Because there are multiple ways of extracting information, feel free to explore all the techniques you can find.
We suggest to search for ways to do it by researching a bit and discuss techniques with your favorite Chatbot, so you can understand the technique you are using, why you are using it, etc.

In the extraction below, we work as follows:
1. Conver the image into a structure of np.array (so, 3 images 2D images, one for each color value of RGB, since each pixel is determined as (Red, Green, Blue))
2. Segment the image using the Otsu technique, labeling it, creating a True/False Mask and filling any holes inside the segmented area. This way, we can work with only the skin lesion in the image!
3. Create functions that extract from the skin lecion the features. They are described in the code itself.
4. Return a dictionary with the features extracted.

In [None]:
from scipy.ndimage import binary_fill_holes
from skimage.measure import perimeter, label, regionprops

def extract_abcd_features(pil_image):
    # Convert PIL image to OpenCV (numpy array)
    image = np.array(pil_image)
    
    # Resize for consistency
    image = cv2.resize(image, (900, 900))
    
    # Grayscale & thresholding
    gray = cv2.cvtColor(image, cv2.COLOR_RGB2GRAY)
    blurred = cv2.GaussianBlur(gray, (5, 5), 0)
    _, thresh = cv2.threshold(blurred, 0, 255, cv2.THRESH_BINARY_INV + cv2.THRESH_OTSU)
    
    # Clean borders & label
    labeled = label(thresh)
    regions = regionprops(labeled)
    
    if not regions:
        print("No lesion found!")
        return
    else:
        # Get the region with the largest area
        region = max(regions, key=lambda r: r.area)
        for i, r in enumerate(regions):
            print(f"Region {i}: area = {r.area}")
        lesion_mask = labeled == region.label
        lesion_mask = binary_fill_holes(lesion_mask)
    
    ### A - Asymmetry
    def compute_aligned_asymmetry(mask, target_size=(512, 512)):
        # 1. Find bounding box of lesion
        coords = np.argwhere(mask)
        if coords.size == 0:
            print("No lesion found.")
            return 0
        y0, x0 = coords.min(axis=0)
        y1, x1 = coords.max(axis=0) + 1
        cropped = mask[y0:y1, x0:x1]
        
        # 2. Resize to fixed size for standardization
        resized = cv2.resize(cropped.astype(np.uint8), target_size, interpolation=cv2.INTER_NEAREST)
        
        # 3. Vertical asymmetry (left-right)
        h, w = resized.shape
        left = resized[:, :w // 2]
        right = resized[:, w - w // 2:]
        right_flipped = np.fliplr(right)
        
        vertical_diff = np.sum(np.abs(left - right_flipped))
        
        # 4. Horizontal asymmetry (top-bottom)
        top = resized[:h // 2, :]
        bottom = resized[h - h // 2:, :]
        bottom_flipped = np.flipud(bottom)
        
        horizontal_diff = np.sum(np.abs(top - bottom_flipped))
        
        # 5. Normalize by total lesion area
        lesion_area = np.sum(resized)
        if lesion_area == 0:
            return 0
    
        asymmetry_score = (vertical_diff + horizontal_diff) / lesion_area
        return round(asymmetry_score, 4)

    ### B - Border Irregularity
    def compute_border_irregularity(mask):
        # Label connected region (we assume mask is cleaned already)
        labeled = label(mask)
        props = regionprops(labeled)

        if not props:
            return 0.0
        region = max(props, key=lambda x: x.area)

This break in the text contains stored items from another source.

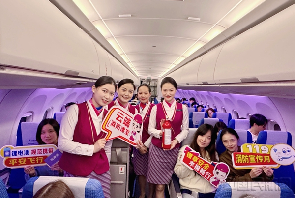 《中国民航报》、中国民航网 记者胡夕姮 通讯员韩筱、 潘水花 报道:11月10日,南航上海分公司在浦东飞往昆明的CZ3677航班上,成功举办了一场以“锂享安全 木棉畅行”为主题的云端消防课堂。此次活动聚焦民航出行中的消防安全,特别是锂电池设备的安全使用规范,通过创新互动实操体验,提升广大旅客的安全出行意识与应急处突能力。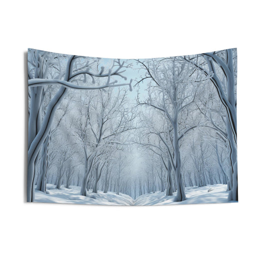 Winter Snow Forest Tapestry, Woods Wall Art Hanging Cool Unique Landscape Aesthetic Large Small Decor Bedroom College Dorm Room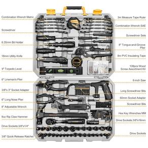 ALTA QUALIDADE E PADRÕES Forjado a partir de soquetes de aço cromo vanádio de alta resistência e aço de alta qualidade com uma camada de óxido na superfície, que possui maior resistência e garante longevidade. Todas as ferramentas atendem ou superam os padrões críticos ANSI. ACESSÓRIOS COMPLETOS Ricos acessórios de ferramentas atualizadas colocados neste conjunto de ferramentas. Este kit de ferramentas para casa inclui chaves combinadas, chave de fenda Philips, soquetes de unidade, chave ajustável, bits de chave de fenda, alicate de Lineman e assim por diante. Este conjunto completo de caixa de ferramentas atende perfeitamente às necessidades diárias Marca: Não Informado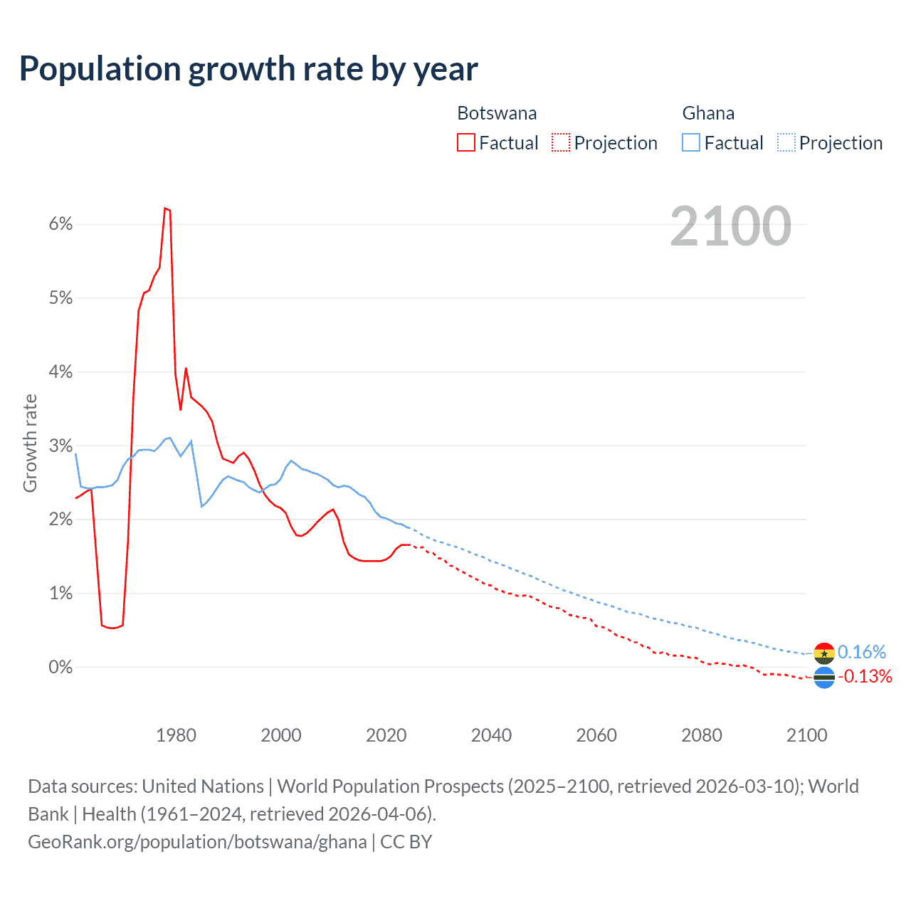 - For the last 10 years, Botswana has had an average growth rate of +1.5% per year vs +2.1% in Ghana.

        area = region.area
        peri = perimeter(region.image)

        if area == 0:
            return 0.0
        
        irregularity = (peri ** 2) / (4 * np.pi * area)
        return round(irregularity, 4)


    ### C - Color Variation
    def compute_color_variation(original_rgb_image, lesion_mask, n_clusters=5):
        # Resize mask to match image if needed
        if lesion_mask.shape != original_rgb_image.shape[:2]:
            lesion_mask = cv2.resize(lesion_mask.astype(np.uint8), original_rgb_image.shape[:2][::-1], interpolation=cv2.INTER_NEAREST)

        # Extract only pixels inside the lesion
        lesion_pixels = original_rgb_image[lesion_mask > 0]

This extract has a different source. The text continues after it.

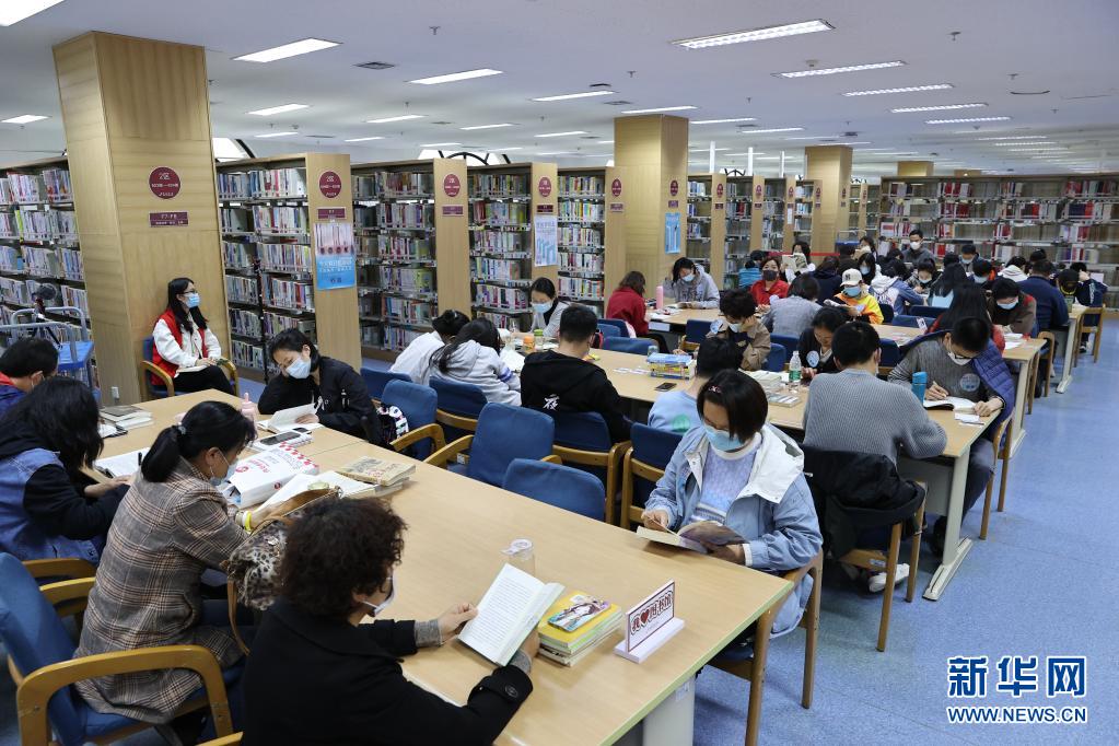 4月23日,在陕西省图书馆,参加“读书慢直播”活动的读者在阅读书籍。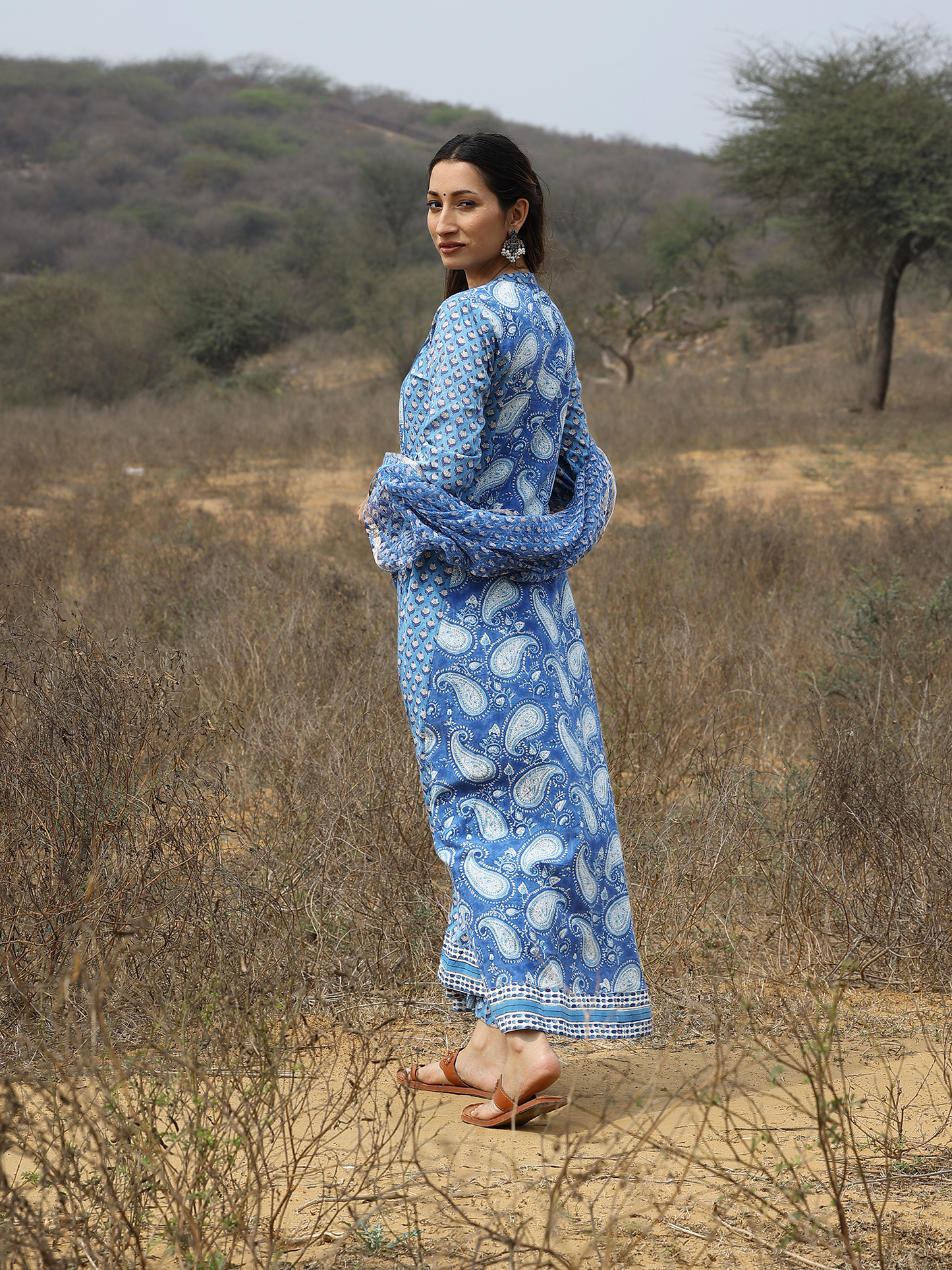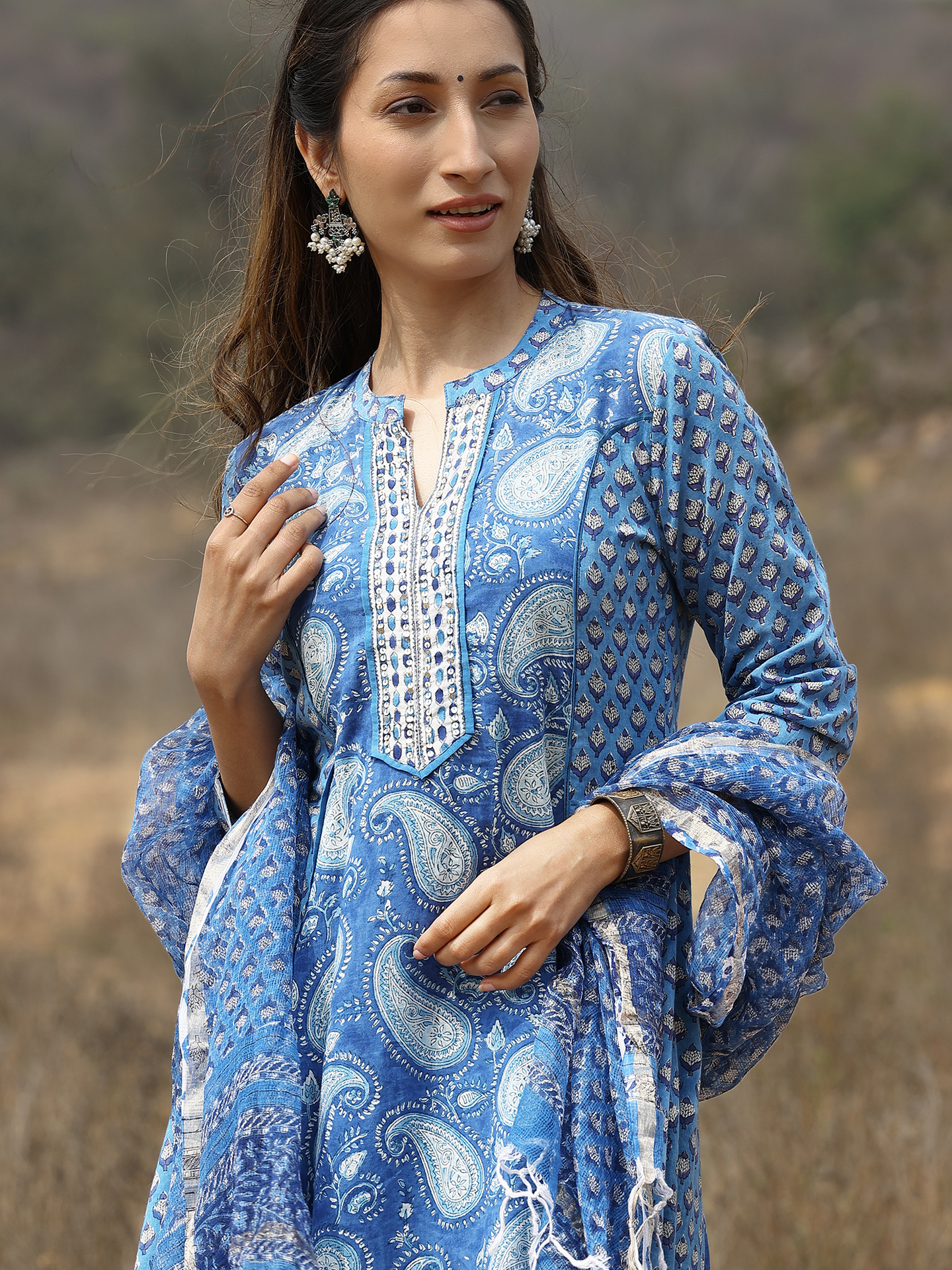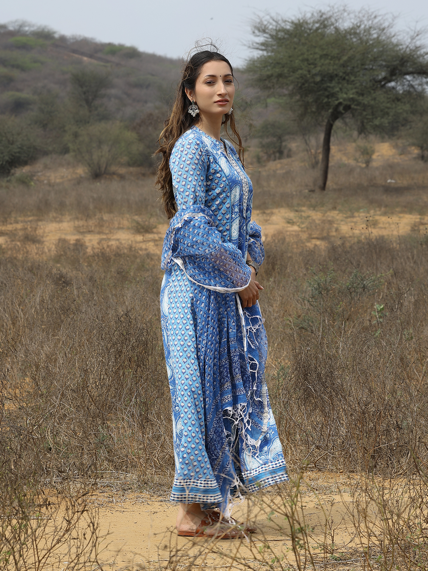 Blue Cotton Hand Block Printed Anarkali Kurta Set with Sequin Work & Kota Doriya Dupatta

        if len(lesion_pixels) < n_clusters:
            print("Error. Segmented image too small")
            return

        # Run k-means clustering
        kmeans = KMeans(n_clusters=n_clusters, random_state=42, n_init=10)
        labels = kmeans.fit_predict(lesion_pixels)
        centers = kmeans.cluster_centers_

        # Compute intra-cluster variance (sum of squared distances)
        intra_variance = np.sum((lesion_pixels - centers[labels]) ** 2) / len(lesion_pixels)

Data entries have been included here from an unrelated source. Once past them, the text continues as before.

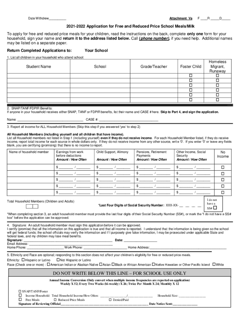 Date Withdrew___Attachment Van ___R ___D___20212022 Application for Free and Reduced Price School Meals/Milk To apply for free and reduced price meals for your children, read the instructions on the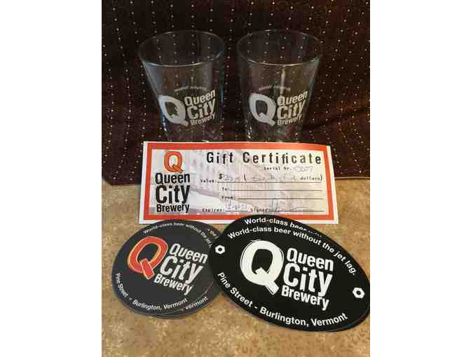 Queen City Brewery $25 gift certificate, 2 pint glasses, and some QCB stickers and coasters.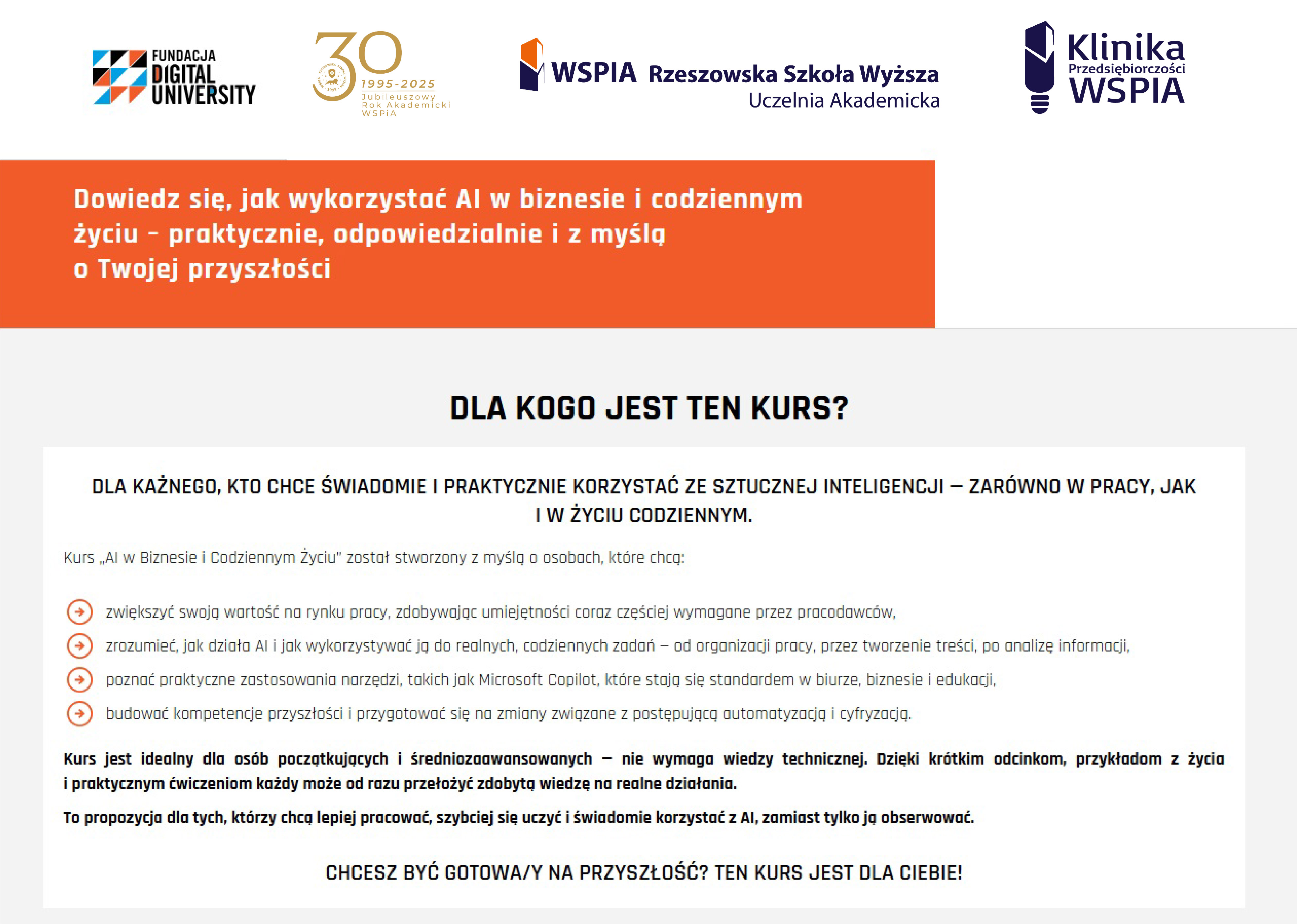 Dodatkowo Klinika Przedsiębiorczości WSPiA zaprasza na darmowe szkolenie z AI. Za ukończenie kursu przysługiwać będzie certyfikat, który należy przesłać na adres praktyki@wspia.eu w celu otrzymania punktów MIX'a. Po otrzymaniu certyfikatów zostaną Państwu wystawione karty punktów MIX'a (3 punkty MIX'a). Więcej szczegółów pod linkiem: Darmowe szkolenie AI

        return n_clusters, intra_variance, centers.astype(np.uint8)

    ### D - Diameter
    def compute_diameter(mask):
        region = regionprops(mask.astype(int))[0]
        diameter = max(region.major_axis_length, region.minor_axis_length)
        return diameter

    asymmetry = compute_aligned_asymmetry(lesion_mask)
    border_irregularity = compute_border_irregularity(lesion_mask)
    color_variation = compute_color_variation(image, lesion_mask)[2]
    diameter = compute_diameter(lesion_mask)

    return {
        "asymmetry": round(asymmetry, 4),
        "border_irregularity": round(border_irregularity, 4),
        "color_variation": color_variation,
        "diameter_pixels": round(diameter, 2)
    }

    
extract_abcd_features(img)

### Feature extraction auxiliar functions' structure

The feature exctraction functions have multiple steps. To aid your understanding, this block will run with visual aids for you to see what is happening at each step of the feature extraction.
This way, you can more easily understand what we are doing and modify the technique if you deem usefull.

In [None]:
from scipy.ndimage import binary_fill_holes
from skimage.measure import label, regionprops, perimeter
from skimage.segmentation import find_boundaries
from mpl_toolkits.mplot3d import Axes3D

def visualize_abcd_features(pil_image):
    # Convert PIL image to OpenCV (numpy array)
    image = np.array(pil_image)
    
    # Resize for consistency
    image = cv2.resize(image, (900, 900))
    
    # Grayscale & thresholding
    gray = cv2.cvtColor(image, cv2.COLOR_RGB2GRAY)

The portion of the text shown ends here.